What makes deployment to life intimidating is rarely the concepts. It’s a dozen tiny configuration fields with names a beginner had never seen…and in their mind, each one is a chance to get something wrong. Now those fields come with a guide that explains each one on request, whether that guide lives in a chat window or inside the editor.

AI Editor or Terminal?

A common fork shows up here. You can do this through a visual editor, or through the terminal, the black command-line window many beginners dread simply because they haven’t used it before, and it looks like you could do real damage if you mess up. For a first deploy, the editor usually wins, and the reason is as much psychological as technical.

In an editor, a beginner can see the files and watch the changes happen. The terminal gives back only text, and when something goes wrong it can feel like a black box. Seeing the project is more grounding, and grounding is what keeps a first-time developer in the chair instead of closing the laptop.

Don’t fear the terminal. It’s worth learning eventually. It does not have to be day one.

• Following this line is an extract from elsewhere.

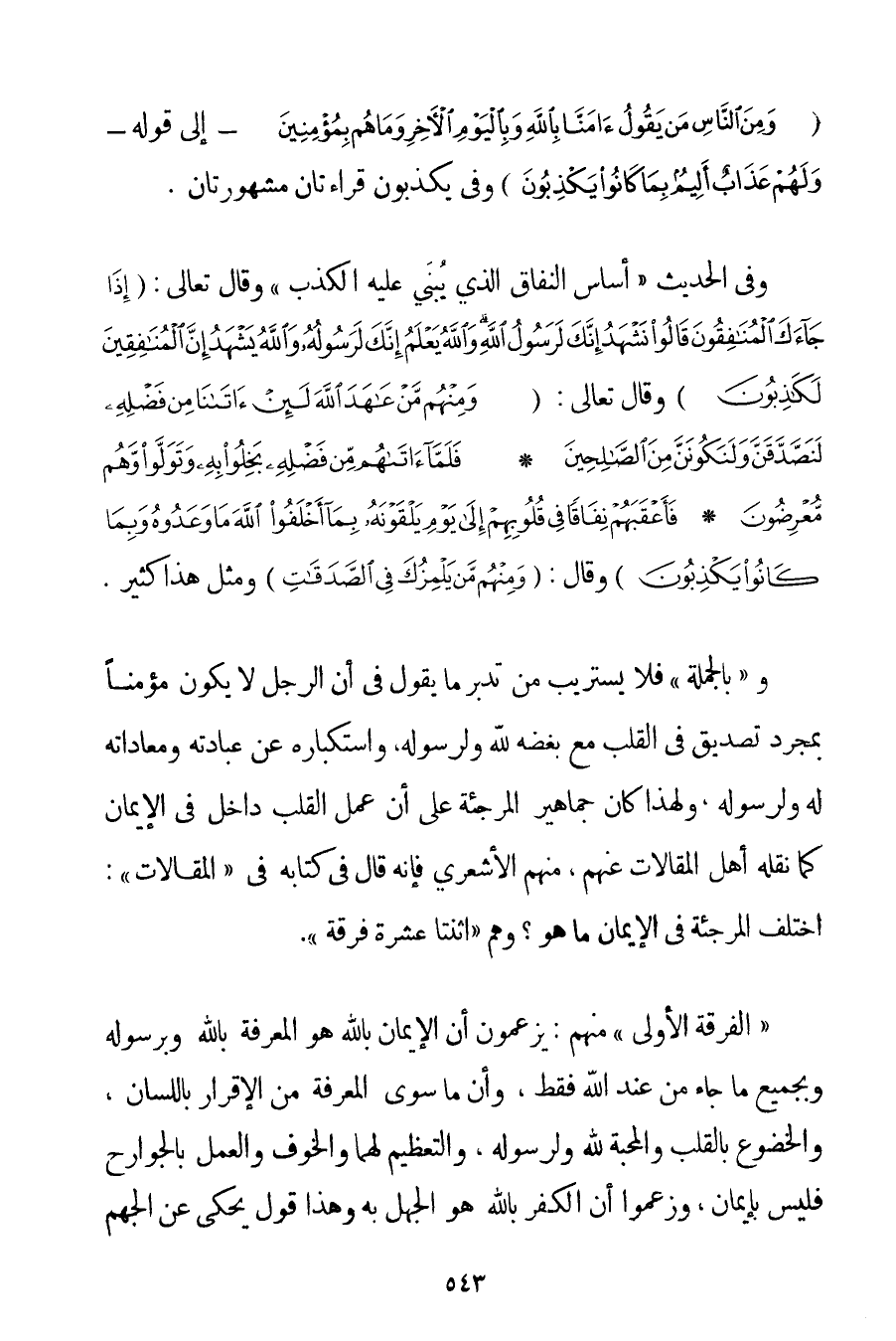 وَ " بِالْجُمْلَةِ " فَلَا يَسْتَرِيبُ مَنْ تَدَبَّرَ مَا يَقُولُ فِي أَنَّ الرَّجُلَ لَا يَكُونُ مُؤْمِنًا بِمُجَرَّدِ تَصْدِيقٍ فِي الْقَلْبِ مَعَ بُغْضِهِ لِلَّهِ وَلِرَسُولِهِ وَاسْتِكْبَارِهِ عَنْ عِبَادَتِهِ وَمُعَادَاته لَهُ وَلِرَسُولِهِ وَلِهَذَا كَانَ جَمَاهِيرُ الْمُرْجِئَةِ عَلَى أَنَّ عَمَلَ الْقَلْبِ دَاخِلٌ فِي الْإِيمَانِ كَمَا نَقَلَهُ أَهْلُ الْمَقَالَاتِ عَنْهُمْ مِنْهُمْ الْأَشْعَرِيُّ فَإِنَّهُ قَالَ فِي كِتَابِهِ فِي " الْمَقَالَاتِ ": اخْتَلَفَ الْمُرْجِئَةُ فِي الْإِيمَانِ مَا هُوَ؟ وَهُمْ " اثْنَتَا عَشْرَةَ فِرْقَةً ". " الْفِرْقَةُ الْأُولَى " مِنْهُمْ: يَزْعُمُونَ أَنَّ الْإِيمَانَ بِاَللَّهِ هُوَ الْمَعْرِفَةُ بِاَللَّهِ وَبِرَسُولِهِ وَبِجَمِيعِ مَا جَاءَ مِنْ عِنْدِ اللَّهِ فَقَطْ وَأَنَّ مَا سِوَى الْمَعْرِفَةِ مِنْ الْإِقْرَارِ بِاللِّسَانِ وَالْخُضُوعِ بِالْقَلْبِ وَالْمَحَبَّةِ لِلَّهِ وَلِرَسُولِهِ وَالتَّعْظِيمِ لَهُمَا وَالْخَوْفِ وَالْعَمَلِ بِالْجَوَارِحِ فَلَيْسَ بِإِيمَانِ وَزَعَمُوا أَنَّ الْكُفْرَ بِاَللَّهِ هُوَ الْجَهْلُ بِهِ وَهَذَا قَوْلٌ يُحْكَى عَنْ الْجَهْمِ

For more on how this conversational, agent-led way of working took hold, the vibe coding explainer sets the stage.

Don’t Hit Deploy With the Door Open

The moment an app goes live, it stops being private. So this is a valuable moment to stop, review, and check all your work.

Anyone can reach a live thing, including people looking for an unlocked database to exploit. There are real news stories, more than one in the past year, about apps that shipped with their data wide open and leaked every user’s information within hours of launch.

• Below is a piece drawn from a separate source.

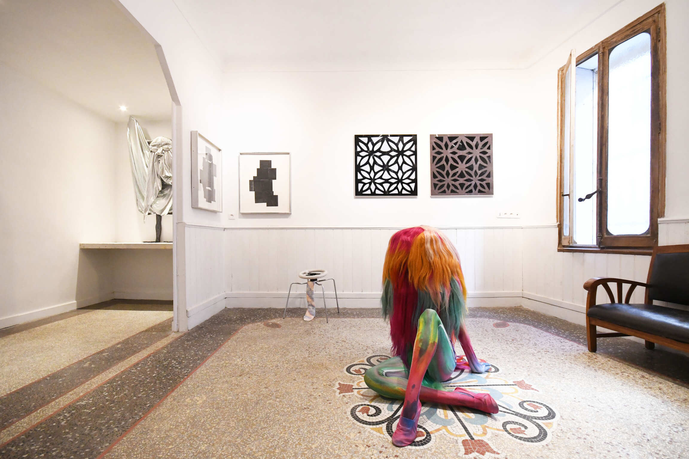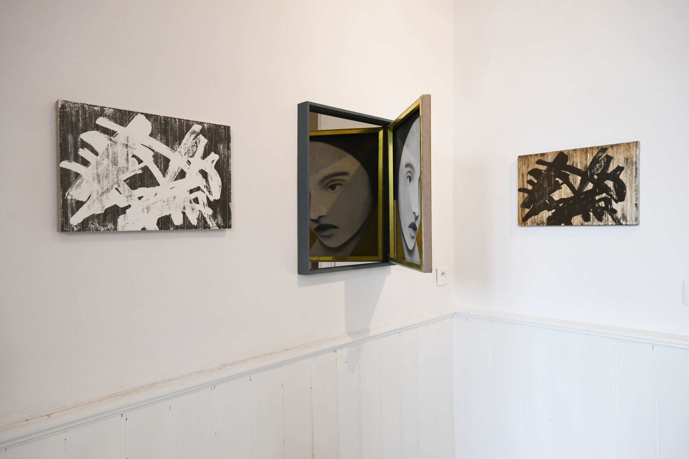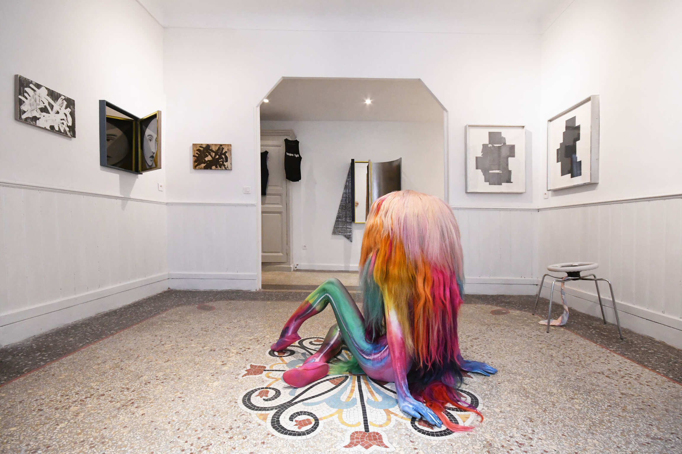 This first exhibition in this venue is a kind of presentation of our identity through works by artists we have regularly exhibited and new ones. As often in our exhibitions, there is no particular topic, perhaps a preoccupation with the inhabited space as an exhibition space. Nevertheless, the further the project has progressed, the more some directions have been creeping up on us. There's a lot of talk about doubles and mirror games, in which female figures and hybrid creatures emerge. Because this house is double in its very structure, originally two old houses joined into one, probably from Joseph Imbert's time. Mirror play, parallel dimensions: this place leaves plenty of room for the imagination and the experimentation of multiplying and telescoping time-spaces.

Senior builders run a pre-flight checklist before every launch for exactly this reason. A beginner does not need a hundred items, but they do need the habit. Some AI coding tools now run a basic security pass on their own and will flag an exposed database before it ships. The rest is asking the right questions. What did this skip? What would a real product lock down? Is anything sensitive sitting somewhere public? That is the same build-then-audit move covered in the auditing guide, applied at the exact moment it matters most.

Where to Build This With Other People

Getting a first thing online is a milestone worth not reaching alone. A MLH hackathon is the perfect place to try: build, break, and deploy alongside other people over a weekend. And DEV is always here for the other parts, open all the time, where a new coder can post the project, ask for feedback, and read how someone else cleared the same hurdle.

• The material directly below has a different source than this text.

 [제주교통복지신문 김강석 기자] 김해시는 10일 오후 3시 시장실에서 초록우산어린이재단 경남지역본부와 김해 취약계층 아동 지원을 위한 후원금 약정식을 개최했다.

(The thing that goes live is better for having an audience that was rooting for it.)

FAQ

Do I need to know how to code to deploy an app?
No. A non-technical person can get a site live using a consumer AI chat that hands over step-by-step instructions. Knowing the underlying concepts helps later, especially for security, but it is not a barrier to a first deploy.
What is the difference between GitHub and a host?
GitHub stores the code and tracks its changes. A host runs the code and serves it to visitors. They are two different jobs, and a typical setup connects them so the host reads the latest code from GitHub. More on version control in the GitHub walkthrough.
Do I have to buy a domain?
No. A host provides a working web address as soon as the app is live. A custom domain is an optional upgrade for a name the builder owns for a few bucks a year.
Do I have to use the terminal?
Not for a first deploy. An editor with a built-in AI agent is friendlier and easier to follow, because the files and changes stay visible the whole way through.
What is the most common first-launch mistake?
Going live without checking security, especially leaving a database open to the public. A quick audit before deploying prevents the worst of it. See the auditing guide.